I've only ever been to one "traditional" New Orleans funeral, and that was of my best friend's mother, who died of lung cancer, back in the summer of 2009. She was buried near City Park in Lake Lawn Cemetery and since the funeral I have not been back to the standing grave where she was laid to rest. However, I remember the services very clearly.

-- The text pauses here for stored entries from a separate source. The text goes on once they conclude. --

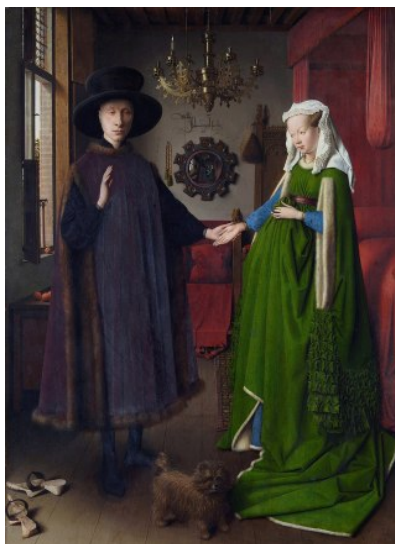
Jan Van Eyck, Arnolfini Portrait (1434)
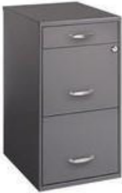
MODEL : SFH-SFC-07-08
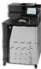
HP Color LaserJet Enterprise flow M880z Multifunction Printer

This top-of-the-line enterprise MFP helps streamline workflows and accelerate document tasks—with advanced finishing options and file sharing. Give users simple, direct access to this MFP through mobile printing and touch-to-print capabilities. 6
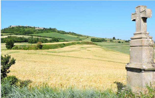
The cross of the sicarius with Fanjeaux in the background.

The Year of the Consecrated Life and the 8 th Centenary of the founding of the Order of Preachers call on us to undertake this pilgrimage, since we are gathered here in the places where it all began. Pope Francis urges us to reflect on the past with gratitude in order to take from it the spark that inspired our Founder.
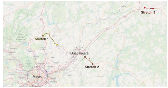
Fig. 1. The surveyed road network in the vicinity area of Madrid and Guadalajara, Spain.

The investigated road infrastructures are two-lane rural all-purpose highways with a flexible pavement structure.
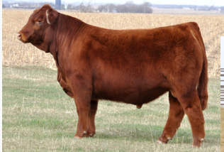
LFLC BANK ACCOUNT 701B
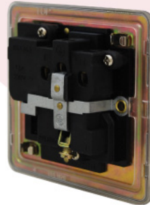
Integral gasket for moisture protection.
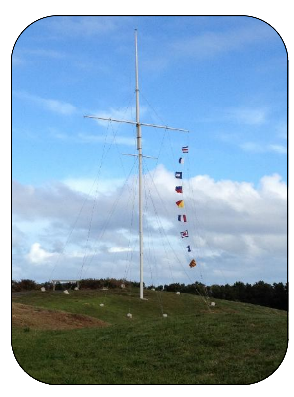
Signalling by flags at Cape Otway

This article compiled from material presented on information boards within the Cape Otway National Park.
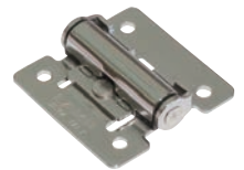
Stainless Steel Torque Hinges HG-TS, SFTH
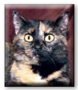
Unspayed Female Short Hair (DSH) Tortie Approximate date of birth: January 2016
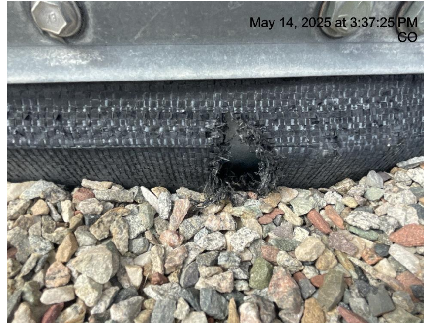
Photo # 1686 Hole in secondary containment liner/liner needs maintenance
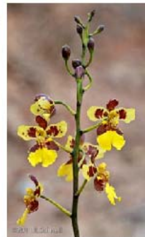
Odontoglossum angustatum is one of nine orchid species found in Sexi.
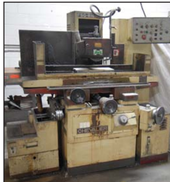
CHEVALIER FSG-818AD hydraulic surface grinder
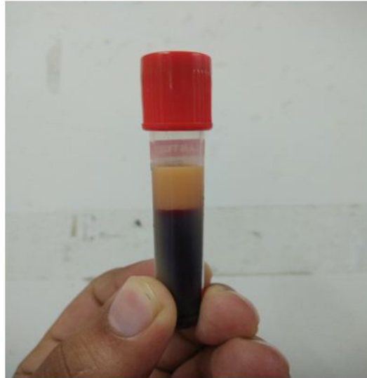
Figure 1: Milky white serum secondary to hypertriglyceridemia

In view of past history of dyslipidemia with normal amylase and USG suggestive of bulky pancreas, the possibility of HTG induced acute pancreatitis was kept. Lipid profile revealed very high serum triglyceride (TG) 4049 mg/dl (normal : less than 150 mg/dl), high cholesterol level 879 mg/dl (normal : less than 200 mg/dl) , high very low- density lipoprotein (VLDL) 130 mg/dl (normal 2-30 mg/dl) normal low-density lipoprotein 59 mg/dl and low high- density lipoprotein (HDL) 28 mg/dl (normal for men : 50-59 mg/dl). Serum was milky white after being left to stand overnight (Figure 1). Bedside index of severity in acute pancreatitis score was 3.

Ms. Biffy, as we called her, had been diagnosed with lung cancer the day before Christmas in 2008, and she spent the next six months trying chemo therapy and wearing oxygen masks. However, she passed away in June 2009 and the services were held in New Orleans and Metairie, where she had lived with her husband and two children. The wake was one like I had never before witnessed. It was held at Lake Lawn and there were well over a thousand people there to pay respects to her. It was a beautiful occasion. There were visitors from all over the state (due to the Katrina diaspora) whom I had not seen in years and have not seen since.
The funeral mass--she was a well-to-do Catholic woman with good standing in the church--was held in St. Ann church in Metairie. The church was packed with weeping witnesses. Her husband wrote a eulogy which he was unable to deliver and so had a family friend deliver it instead. It was beautiful.
After the mass, everyone followed the hearse to the interstate and to the cemetery where there was a standing grave labeled "DeBuys." I think the worst part was watching them push the coffin into the tomb.
I mention this funeral because I will be going to another traditional Catholic New Orleans funeral tomorrow for my great-grandmother who passed away around noon last Wednesday. This one, however, I'm expecting to be small, as she was well into her eighties when she left. My grandparents have set up donations to animal hospitals for the funeral, as my great-grandmother was a fond lover of animals, even after she developed Alzheimer's. She was known to collect stray cats and let them wander through her house, and her favorite dogs were Schnauzers, whom she often overfed and didn't bathe. However, she was a wonderful woman with a big heart, and I am sad to see her go.
Traditional New Orleans graves stand above ground, due to the fact that it floods here quite often. During/after Katrina there were a great many corpses which had been unearthed from their graves because of the excessive flooding.